One of my favorite wellness experts is Dr. Maoshing Ni, known to many as Dr. Mao.  One Christmas  I gave my Mom, extended family and a couple of friends a copy of his book ” Secrets of Longevity”.  On the back cover of the book it says “No Diets, No Drugs, No Fuss!”  and I just knew I had to share this book with loved ones.  It’s one of those books you can pick up anytime and peruse. I keep it in the bathroom!  As someone very distinguished once said…”a room without books is a room without soul”.

What I love about Dr.
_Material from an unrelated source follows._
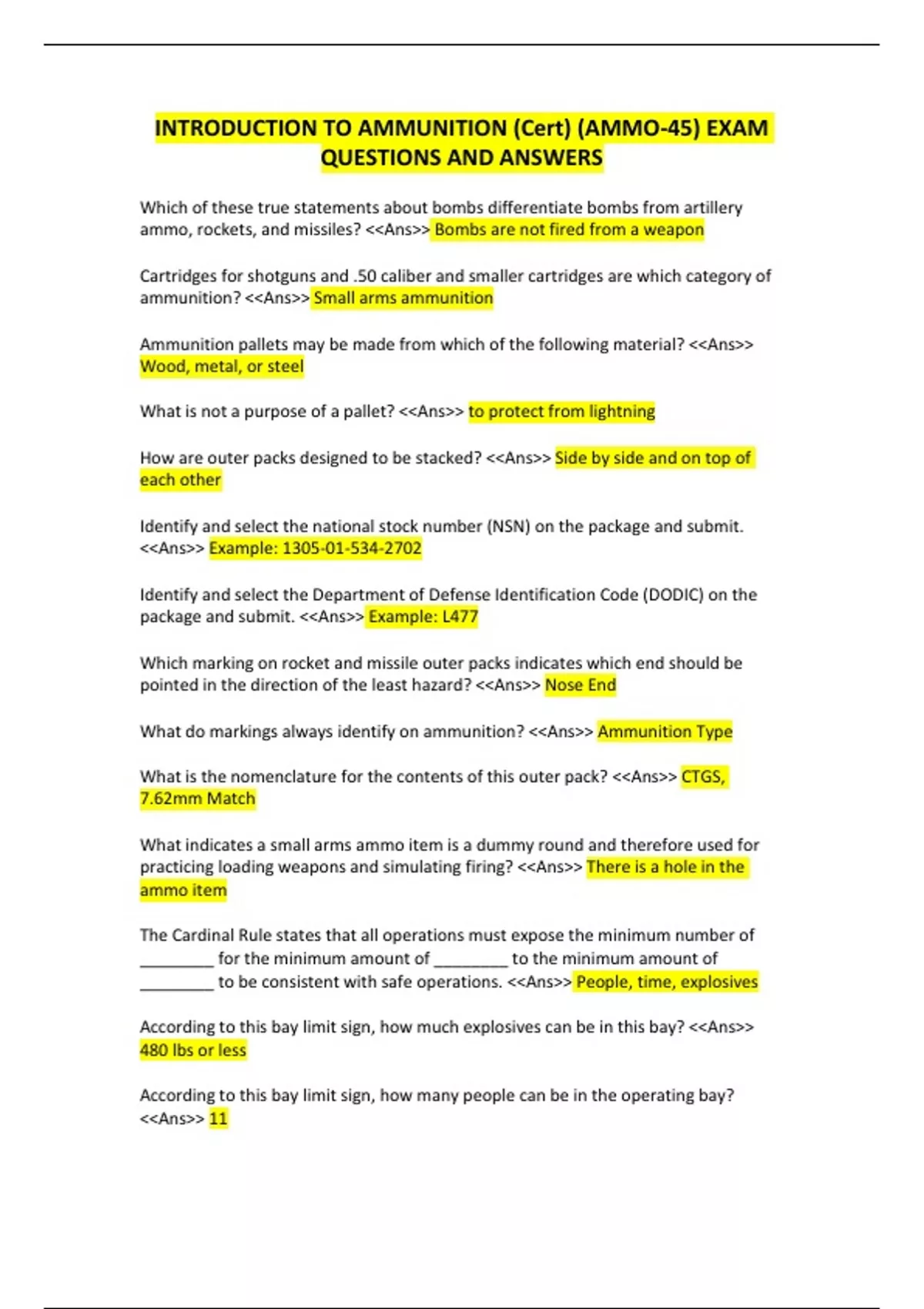 INTRODUCTION TO AMMUNITION (Cert) (AMMO-45) EXAM QUESTIONS AND ANSWERS

Mao’s approach is his blending of ancient wellness practices from the east with modern medicine advances from the west.  You know he had me at hello when I discovered a “words of wisdom” tab on his site  Below is a quick tip on how to boost energy from Dr. Mao and one I really do believe boosts your energy when you practice it. Visit his full list of tips here 4 Fun Ways to Boost Energy | Yahoo! Health.

Trulyherself, Lauroly


Follow Your Bliss Energy-Boosting Habit: Take a 15-minute daily bliss break.Part of what has always made summer so fun, especially when we were children, is waking up with the feeling that the whole day is wide open to be enjoyed in any way at your leisure. The foremost cause of low energy is the stress of living in our fast-paced modern world. Coping with stress on a daily basis requires a lot of energy, which leave the average person completely drained. Guard your energy level from stress with a daily bliss break! Research tells us that joy boosts immune functions, and also increases the release of endorphins, the compounds that give you a sense of well-being in your brain and energize your spirit. While taking a whole day off from duties is not usually possible, give yourself just fifteen minutes or a half hour during the day to do something fun. Surprise yourself! Take a picnic lunch at break, walk somewhere new to you, sing your favorite song, watch a funny video, play with a furry friend, doodle a picture, or read a poem—whatever grabs you in the moment!